CPU clock locking is not possible on the emulator. The emulator shares host CPU cores with other processes and is subject to the host scheduler. Expect ±30–50 ms variance on startup metrics and ±2–4 ms variance on p99 frame duration across runs. This is why:
- Startup uses 10 iterations (more samples reduce the impact of outliers).
- Scroll uses 5 iterations (frame metrics are per-frame averages over hundreds of frames, so fewer iterations are needed for stable statistics).
- The CI threshold for cold start (800 ms) is set 3× above the measured optimised value (~250 ms) to absorb emulator noise.
All benchmarks in this project run with CompilationMode.None(). JIT compilation happens during
the benchmark run, which means the first iteration is always slower (the JIT is profiling) and
later iterations are faster (hot methods are compiled). The benchmark library accounts for this
by recording all iterations but reporting the distribution — look at p50 and p90 across multiple
runs rather than a single median.
If you switch to CompilationMode.Full() (AOT), numbers will be lower and more consistent but
will not represent install-fresh behaviour. CompilationMode.None() is the right choice for
detecting regressions in production conditions.
Even with locked clocks, sustained benchmarks on physical hardware can trigger thermal throttling if the device approaches its temperature limit. Signs of throttling:
- Startup times that increase monotonically across iterations (not random noise).
- Frame p99 that is higher for
scrollAnimatedList_optimizedthan forscrollAnimatedList_unoptimized(impossible without throttling — the unoptimized path does more work).
If you observe these patterns, let the device cool for 5–10 minutes and re-run.
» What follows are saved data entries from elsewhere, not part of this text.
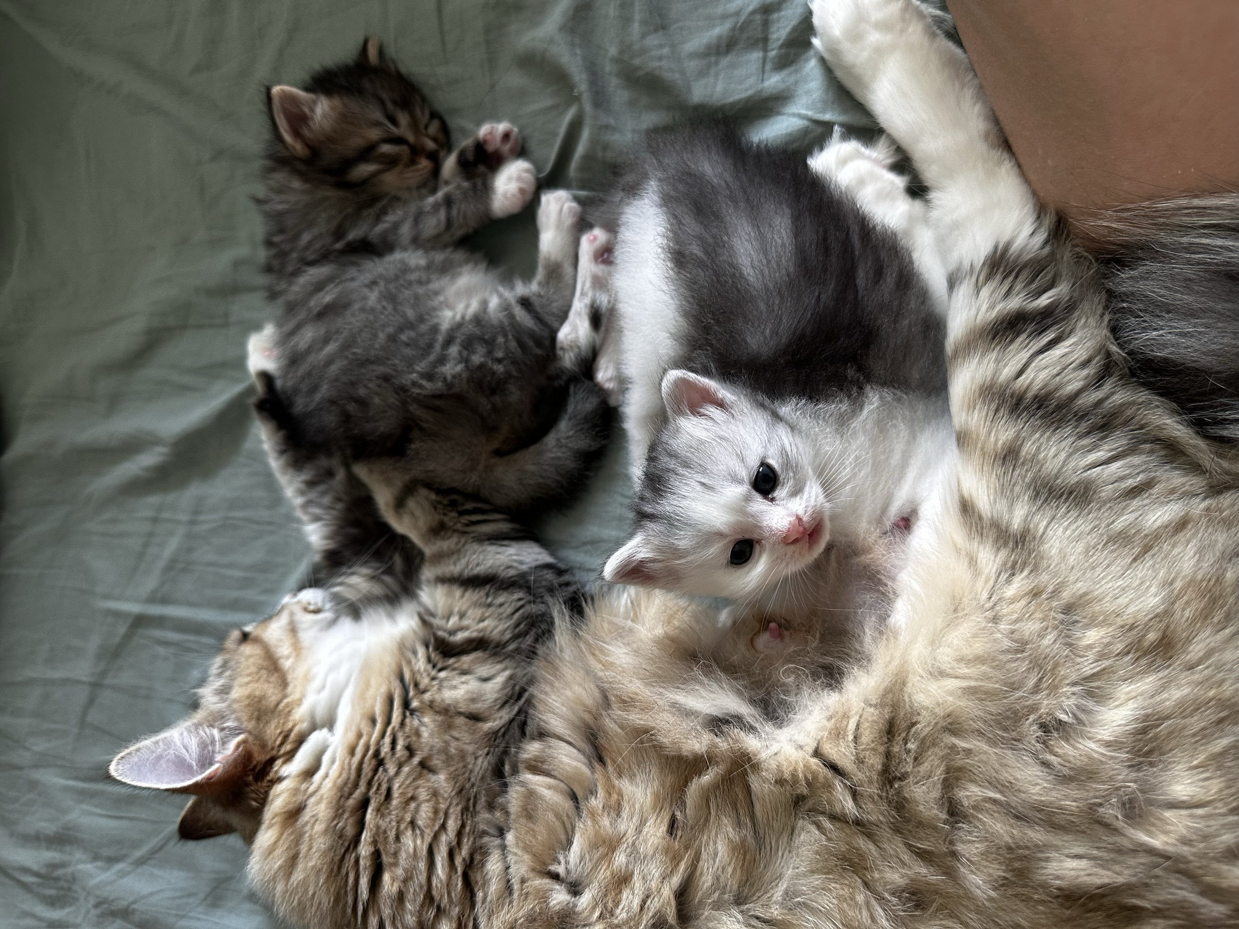 Mamma till kattungarna är SE*Sailons Chardite’s Kalypso, en energisk, mycket kelig och nätt sibir av färgen SIB f 09 24, svartsköldpaddspotted-vit.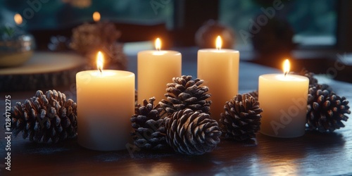 Pine cone candle holders, creating a festive atmosphere for the holiday season.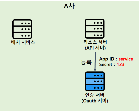 리소스 서버는 고유 ID(App ID)와 Secret을 가지고 있으며 이를 이용하여 인증 서버에 등록합니다.
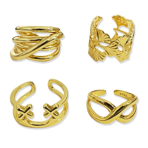MUNIGSMUR 18K Gold Plated Chunky Ring Set for Women Open Adjustable Non Tarnish Statement Twist Ring & Olive Leaf Ring & Smile Ring & Cross Ring with Jewelry Box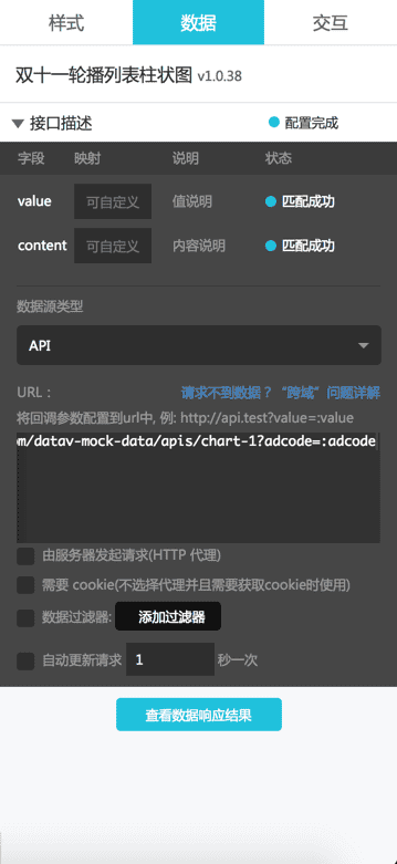 数据url填写 http://service.datav.aliyun.com/datav-mock-data/apis/province?adcode=:adcode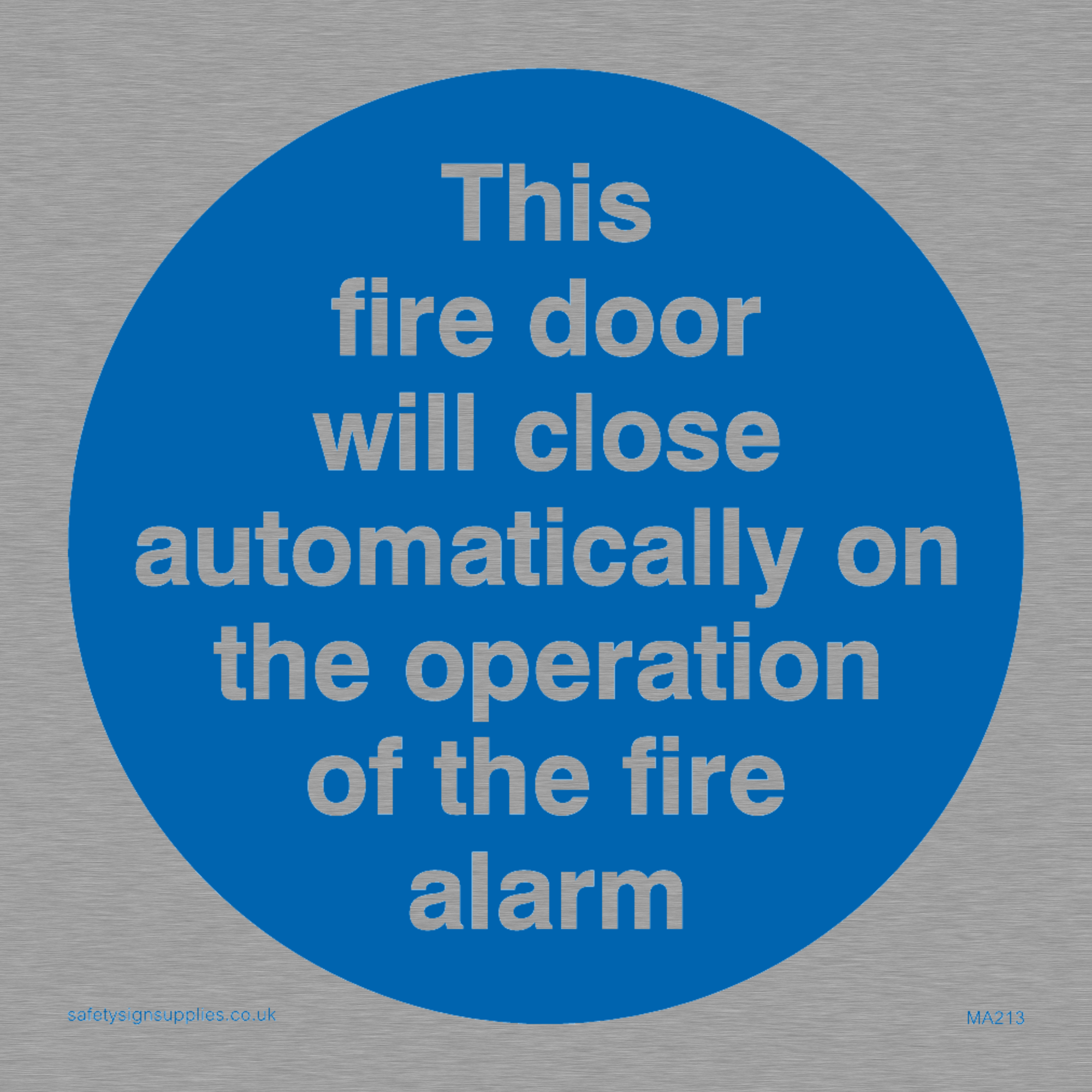 Sign Text: This fire door will close automatically on the operation of the fire alarm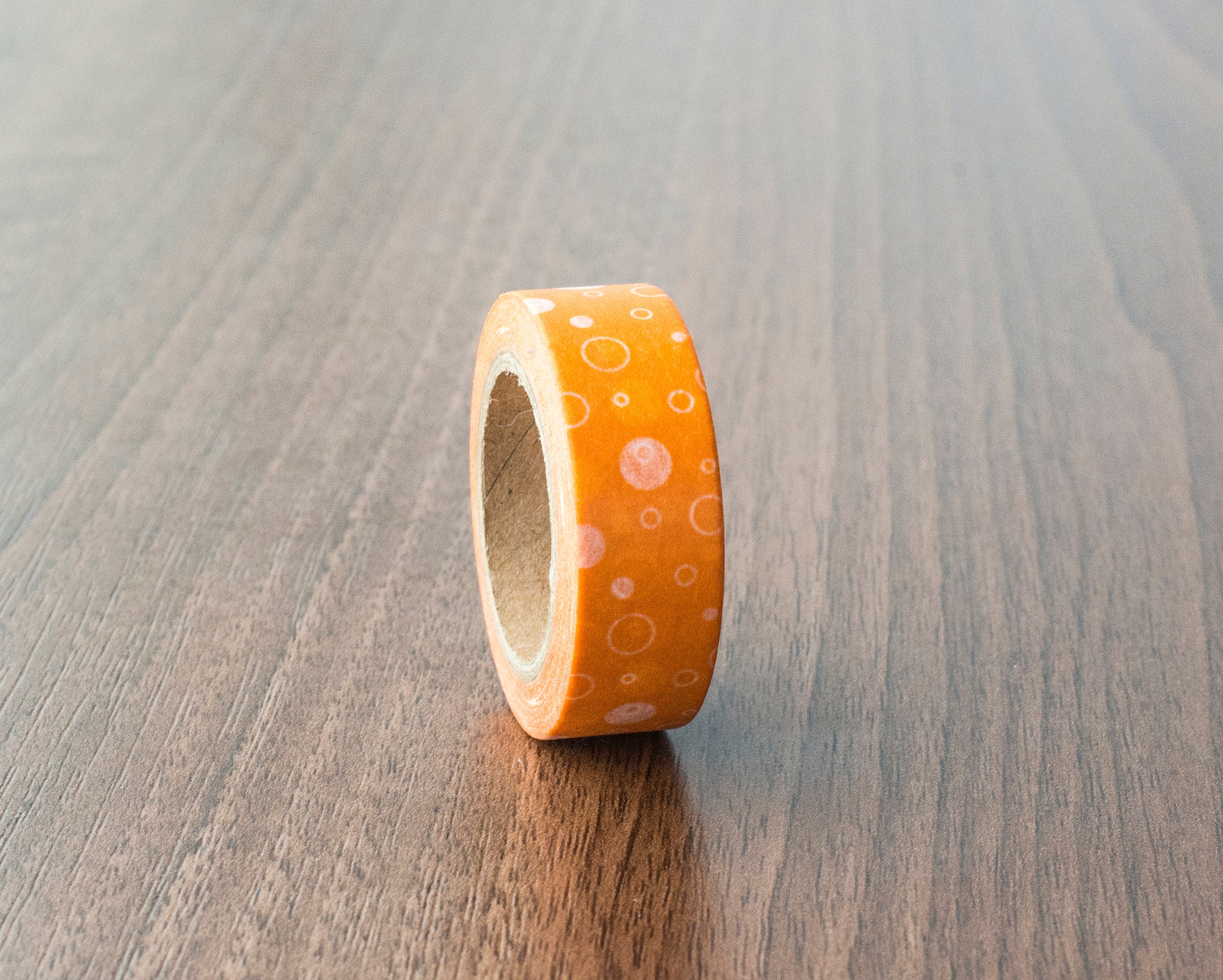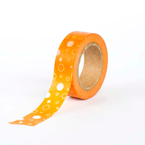 Orange washi tape featuring a playful white bubble pattern. Made from high-quality washi paper, this decorative tape is perfect for scrapbooking, journaling, gift wrapping, and DIY crafts.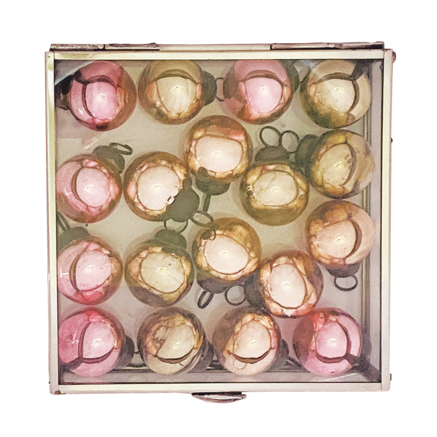Catalog Name: 1-1/4"H (18) Mercury Glass Ornaments in 6" Square x 1-3/4"H Stainless Steel & Glass Display Box, Nickel Finish, Copper Color, Green & Pink, Set of 19

Plugging in USB-C power delivery can worsen thermals on some devices; consider unplugging during the run.
| The numbers DO reflect | The numbers DO NOT reflect |
|---|---|
| Regression introduced in the code under test | Absolute production performance on a user's device |
| Relative improvement from a specific optimisation | Performance under network I/O or database load |
| Worst-case startup before ART profiling | Performance after a user's device has profiled and compiled the app |
| Per-frame Compose rendering cost | GPU-bound rendering (these benchmarks are CPU-bound) |
| Recomposition pass count (unit test metric) | Number of composables recomposed within a single pass |
Recomposition counts in RecompositionBenchmark measure Recomposer.changeCount — the number
of complete composition passes applied, not the number of individual composables that re-ran.
One click that triggers one state change = one pass = delta of 1 in the optimised build.
The assertion assertEquals(1L, delta) verifies no cascading second pass was triggered; it
does not verify which composables were skipped within that pass. Use Layout Inspector's
recomposition highlighting to inspect per-composable skip behaviour.